When Hyperinflation Hits In Japan, Robot Suits Will Help You Move Your Yen

It's no secret that Japan is in the midst of what is perhaps the greatest (or most terrible, depending on whether you have a penchant for Keynesian madness or not) monetary experiment the world has ever known. With the blessing of PM Shinzo Abe and under the heavy hand of Governor Haruhiko Kuroda, the BoJ is printing enough money to monetize not only the entirety of JGB gross issuance, but also the entire Japanese ETF market, with the latter effort serving to underwrite record highs on the Nikkei. 

In sum, the printing presses are working around the clock in Japan and as WSJ reports, when the government finally gets what it wants and the country's descent into the Keynesian Twilight Zone finally ends in the worst example of hyperinflation the world has ever seen, no one will be forced to use a wheelbarrow to cart their yen around because in the new paranormal, you use exoskeletons to move your worthless fiat currency:

Sumitomo Mitsui Banking Corp., the core banking unit of Sumitomo Mitsui Financial Group Inc., said Thursday it has rented eight robotic suits developed by Japanese robotic maker Cyberdyne Inc. to ease the burden on the employees delivering cash. The bank says that would be a first among Japanese financial institutions.
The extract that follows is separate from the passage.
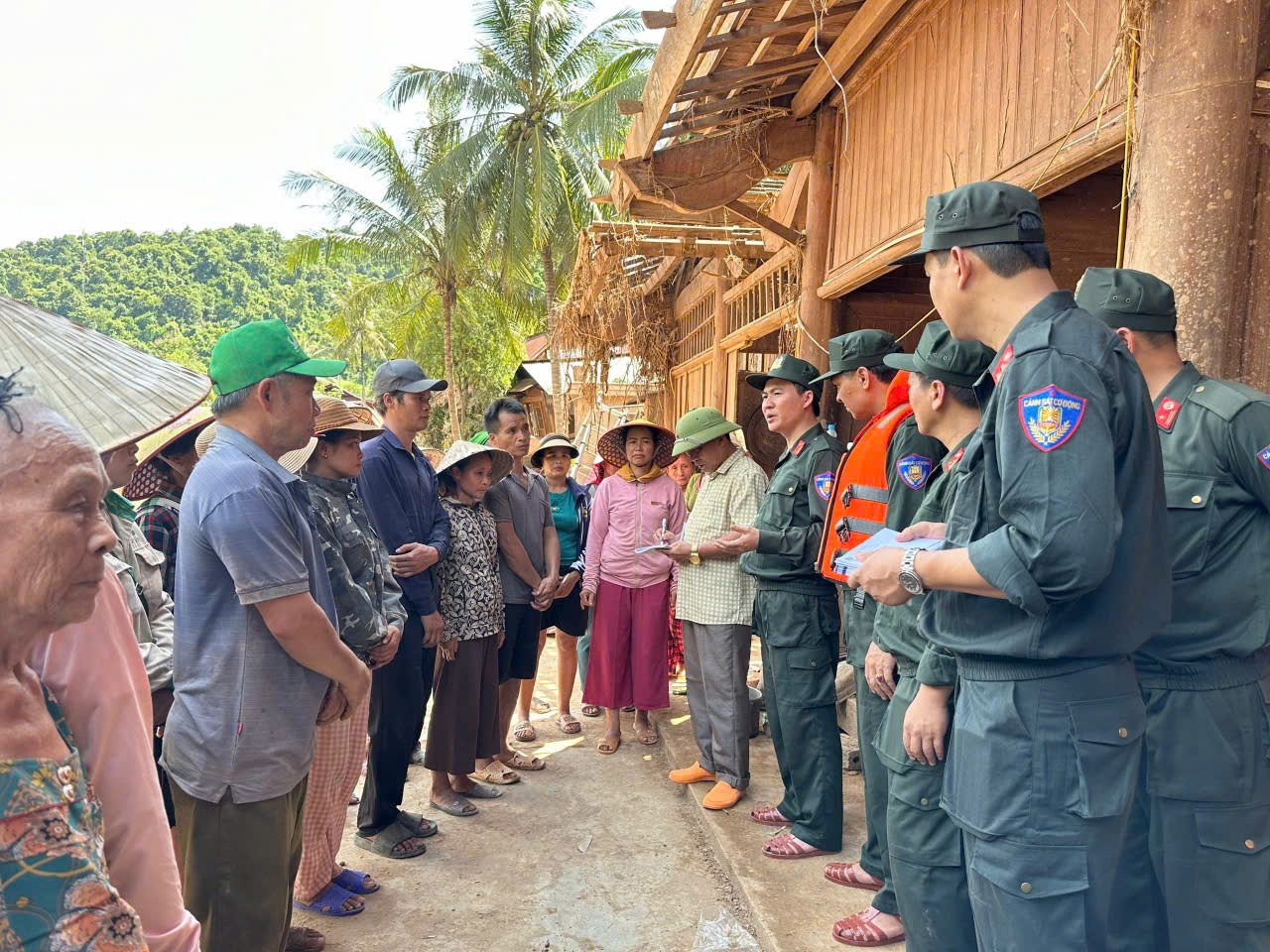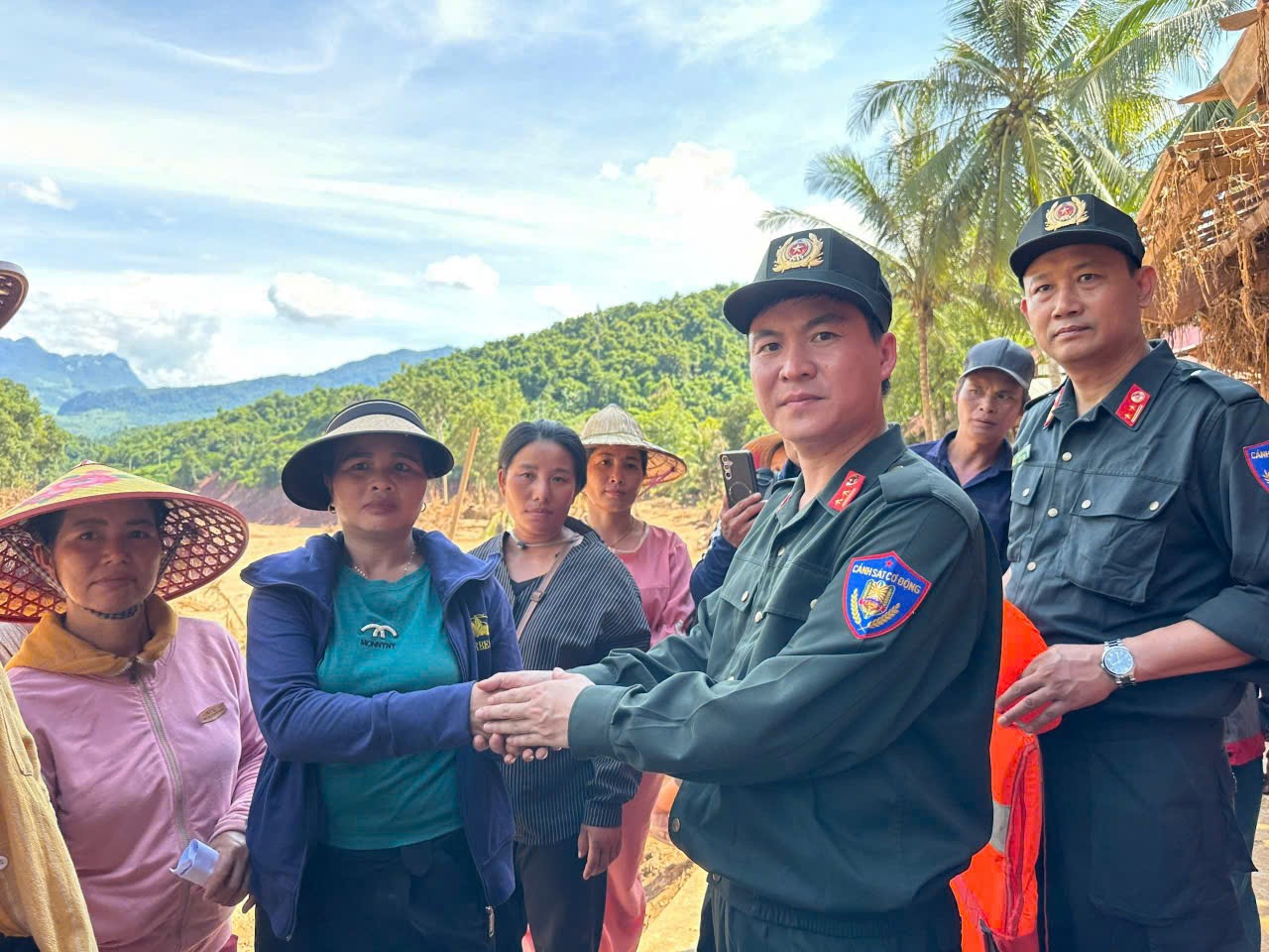 | Trung tá Ngô Anh Tuấn - Trưởng Phòng Cảnh sát cơ động làm trưởng Đoàn có mặt trực tiếp tại bản Xiềng Trên, xã Mỹ Lý động viên bà con Nhân dân và các trường học bị ảnh hưởng do mưa lũ |

“There have been many cases when a physical burden was placed on senior employees carrying heavy parcels of bank notes and coins. By adopting Cyberdyne’s robotic suits, we can help reduce that burden,” said Tomoyuki Narita, a spokesman at SMBC, Japan’s second-largest bank by assets after Bank of Tokyo-Mitsubishi UFJ.


SMBC Delivery Service Co., which mainly collects and delivers cash between bank outlets, has approximately 1,600 workers and about 16% of them are over age 65.  “We are currently placing the robotic suits at four outposts” of the delivery service, “but we’ll consider adding them in more places including the bank’s branches after assessing the effects,” Mr. Narita said.


He said the Hybrid Assistive Limb or HAL suit could reduce the burden of carrying a heavy object by about 40%, so that carrying a 10-kilogram container of bank notes and coins would feel like six kilograms...


The robotics company shares a name with the fictional defense firm behind Skynet, the artificial intelligence system that turned Earth into an apocalyptic wasteland in the Terminator series.